A package for assessing the quality and structure of ontologies.

Project description

OntoCheck

Query-Driven Ontology Assessment for Scientific Domain Applications

PyPI Documentation License: BSD-2


Overview

As scientific fields increasingly adopt FAIR data principles, ontologies have become essential for encoding the semantics of scientific investigations. Yet evaluating ontology quality remains a manual, technically demanding bottleneck. Current frameworks emphasize structural correctness but fail to assess practical utility against the real-world queries posed by domain scientists.

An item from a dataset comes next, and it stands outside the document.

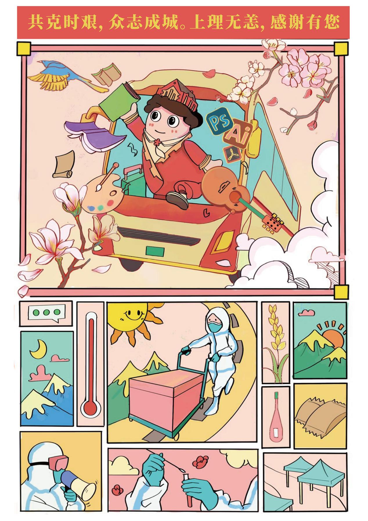 作品名稱(chēng):上理抗疫記 作品形式:平面海報(bào)

OntoCheck is an open-source Python tool that unifies domain-agnostic structural metrics with a novel, query-driven assessment methodology. By analyzing SPARQL queries derived from natural-language competency questions, OntoCheck compares the required query terms against an ontology's full vocabulary to yield complementary metrics for vocabulary coverage and utilization density. This empowers domain scientists and data engineers to make evidence-based decisions about ontology selection without requiring deep expertise in formal knowledge representation.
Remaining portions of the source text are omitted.